▸ **Requirement**: Using the listing below, give again exactly the lines from the line with "Доступ в кабинет" to the line with "Специализированные сервисные предприятия, как", inclusive, without the pictures.

▸ **Source records**:
= = = = =
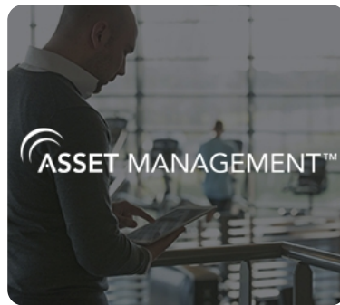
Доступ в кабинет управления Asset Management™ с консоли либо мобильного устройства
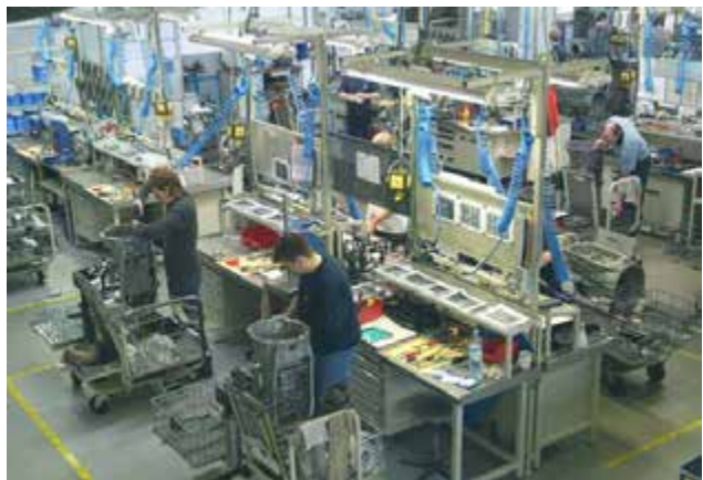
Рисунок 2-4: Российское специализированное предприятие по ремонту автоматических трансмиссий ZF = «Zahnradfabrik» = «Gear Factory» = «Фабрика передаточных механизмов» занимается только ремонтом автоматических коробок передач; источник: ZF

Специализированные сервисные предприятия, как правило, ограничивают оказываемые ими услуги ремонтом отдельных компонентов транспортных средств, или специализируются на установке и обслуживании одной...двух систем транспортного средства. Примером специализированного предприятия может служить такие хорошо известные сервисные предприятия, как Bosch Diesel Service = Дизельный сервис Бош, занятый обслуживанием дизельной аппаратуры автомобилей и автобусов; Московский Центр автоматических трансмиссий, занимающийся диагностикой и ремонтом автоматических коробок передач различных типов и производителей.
= = = = =
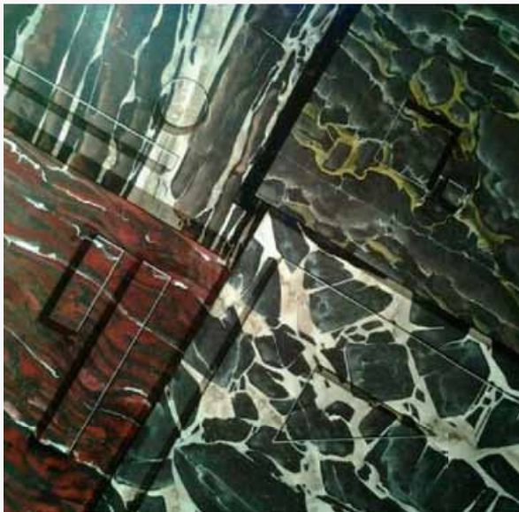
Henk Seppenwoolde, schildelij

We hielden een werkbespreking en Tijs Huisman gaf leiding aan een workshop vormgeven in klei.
= = = = =
▸ **Exercise output**:
Доступ в кабинет управления Asset Management™ с консоли либо мобильного устройства
Рисунок 2-4: Российское специализированное предприятие по ремонту автоматических трансмиссий ZF = «Zahnradfabrik» = «Gear Factory» = «Фабрика передаточных механизмов» занимается только ремонтом автоматических коробок передач; источник: ZF

Специализированные сервисные предприятия, как правило, ограничивают оказываемые ими услуги ремонтом отдельных компонентов транспортных средств, или специализируются на установке и обслуживании одной...двух систем транспортного средства. Примером специализированного предприятия может служить такие хорошо известные сервисные предприятия, как Bosch Diesel Service = Дизельный сервис Бош, занятый обслуживанием дизельной аппаратуры автомобилей и автобусов; Московский Центр автоматических трансмиссий, занимающийся диагностикой и ремонтом автоматических коробок передач различных типов и производителей.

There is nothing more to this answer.